• Ashley Hart

Why I don't believe in "DIETS."

As women, we start at an early age with the pressure to have these certain body types or to dress or look a certain way in order to feel accepted by society. But for me this never made me feel secure with myself, and that should be the only acceptance you need as a young woman.

I have tried so many diets, cleanses, different exercises with the mindset of "if I do this I will be “beautiful" and that will make me happy"—This is tough to admit because looking back I just want to hug that girl and say “oh hunny, this is not the way”.

The month before I found out I was Pregnant with Linc, I was in the best shape I have ever been in my life. I worked out 6 days a week, weighed my food, and tracked all of my calories in an app. This works for some people don’t get me wrong, structure is sometimes needed in someone’s life and that’s just what works best for them to stay on track. But for me personally, it becomes mentally toxic and unhealthy and it consumes me to a point where if I would ever have a slip up, the guilt would destroy me.

This continued after I had Lincoln, losing my pregnancy weight consumed me and I let losing weight and getting back to my pre baby weight become more important than enjoying my days with my new little boy. (This is hard to think about). I lost the weight quickly, but did I feel better? No. Because that is within yourself, with how you love yourself, see yourself, and believe that you are the best version of yourself.

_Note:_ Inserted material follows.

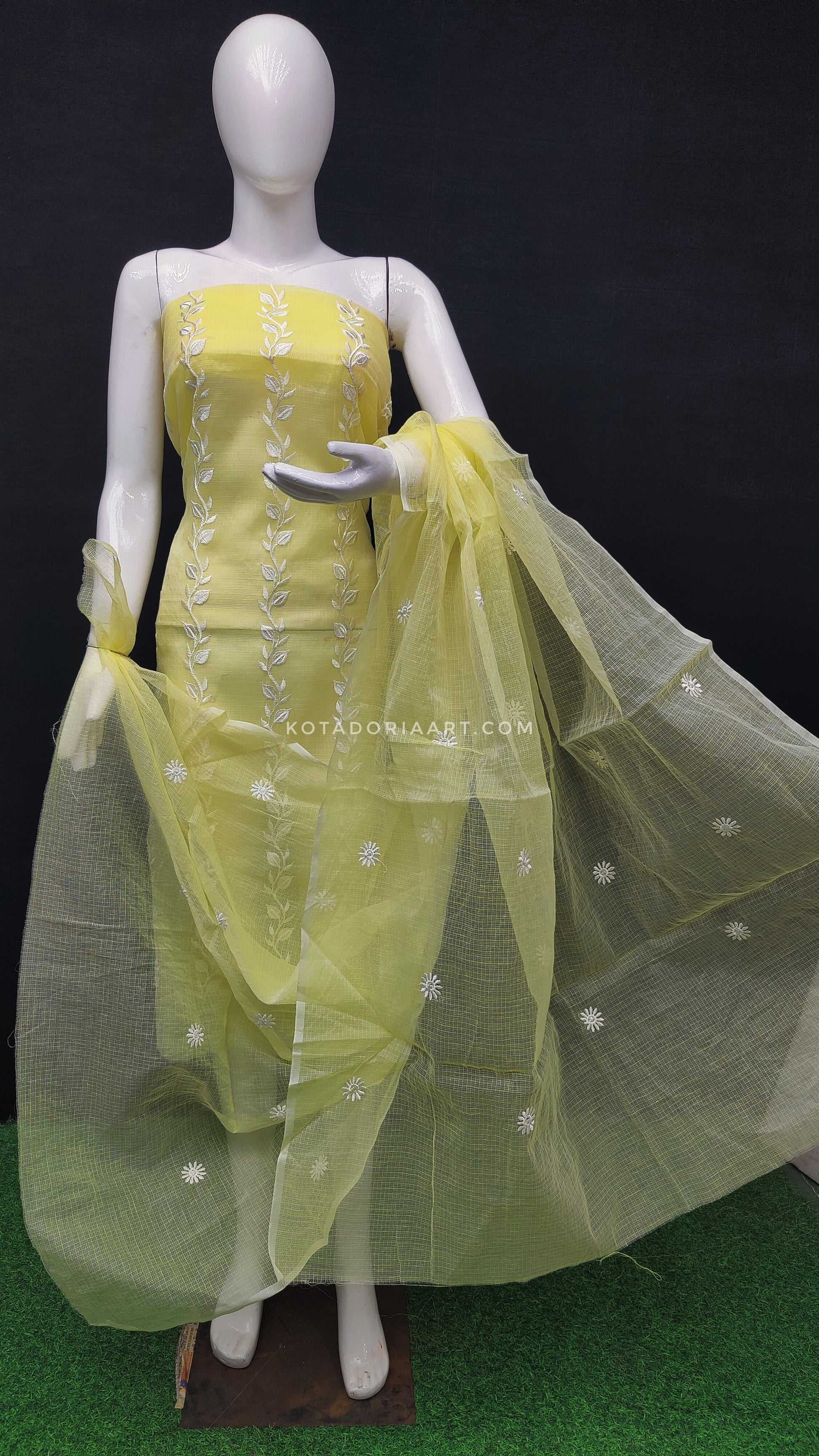 Lemon Kota Doria Cotton Embroidery Work Dress Material

I woke up one morning and realized I was ready to put my mental health first, I fell in love with cooking again and started my food blog on Instagram, and somewhere along the way I realized what was important and what was sustainable.

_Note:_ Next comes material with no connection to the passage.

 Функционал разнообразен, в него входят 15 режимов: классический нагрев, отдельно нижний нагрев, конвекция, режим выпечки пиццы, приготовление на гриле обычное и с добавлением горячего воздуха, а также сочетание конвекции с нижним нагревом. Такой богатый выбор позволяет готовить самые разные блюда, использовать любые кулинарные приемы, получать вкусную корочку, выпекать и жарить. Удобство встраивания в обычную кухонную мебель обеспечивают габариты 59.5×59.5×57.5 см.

My focus now is to eat intuitively, realistically and if I am craving something that I really want…I eat it. I typically pick a day on the weekend that I can get together with my friends or spend time with Matt and indulge on a yummy meal. 1 meal, not an entire weekend because this is how you get off track and make bad decisions. But typically I try and focus on REAL whole foods, foods without artificial flavors or ingredients and food that I can understand what ingredients are on the label.

I am not a big "snacker" because I find it boosts my hunger more, I stick to 3 good size full meals a day within my eating window (I do Intermittent fasting.)

I have learned what works best for my body and what foods make me feel fueled and full, and what foods make me feel sluggish and boost cravings. For me personally I enjoy a low carb diet, my body reacts well, and I am focused and energized. The key is to find alternatives that keep you satisfied to stay on track.

-Eat as much REAL Whole foods as you can.

-Protein is super important- you need amino acids ie: grass fed beef, chicken, wild salmon, eggs.

-Healthy fats-fatty acids, ie: avocado, olive oil, nuts, seeds, grass fed butter.

-Fibre—is so good for gut health: chia seeds, salads, flax seeds, greens.

-Fruit: fruit is sugar, yes its natural sugar but it’s still sugar, which then turns into carbs and stores as fat in your body—I tend to stick with dark berries that have a lot of fibre if I do have fruit- Smoothies I stick to ¼ cup max and fill the rest with micro greens and healthy fats to keep me full until my next meal.


-Fruit free smoothies for breakfast

-Try Fasted workouts (this burns your stored fat)

-Swap your ingredients out for healthier alternatives ie: yogurt dressings, corn tortillas, gluten free/low carb options.

-Really read your labels- not so much your nutrition facts but what ingredients are in your food that can spike your insulin levels.

Depriving or cutting out foods that you love is a very easy way to set yourself up for binging, or a bad relationship with food which has been my main struggle and still work on this every week. I am a huge fan of swaps, I find healthier options or ingredients that I can substitute into my recipes to still enjoy a delicious meal or craving but in a healthier way for not only mental health but physical as well.

I lost count at many times I had a slip up which turned into a week of “oh I had that donut” so my day is ruined and I think okay now lets get sushi or lets get burgers tonight and well start fresh tomorrow, then it turned into “lets start Monday” or next week, or next month. Sound familiar?? There is nothing wrong with a treat meal here and there but its what you’re putting into your body that you need to be mindful and aware of what happens once that hits your blood stream and system.

I could go on about this stuff for hours, wellness and nutrition and the science behind it is truly my passion.

Which is why I am currently in the process of getting my Certification for Holistic Health and Nutrition so I can officially start taking clients soon for Coaching and Meal planning sessions.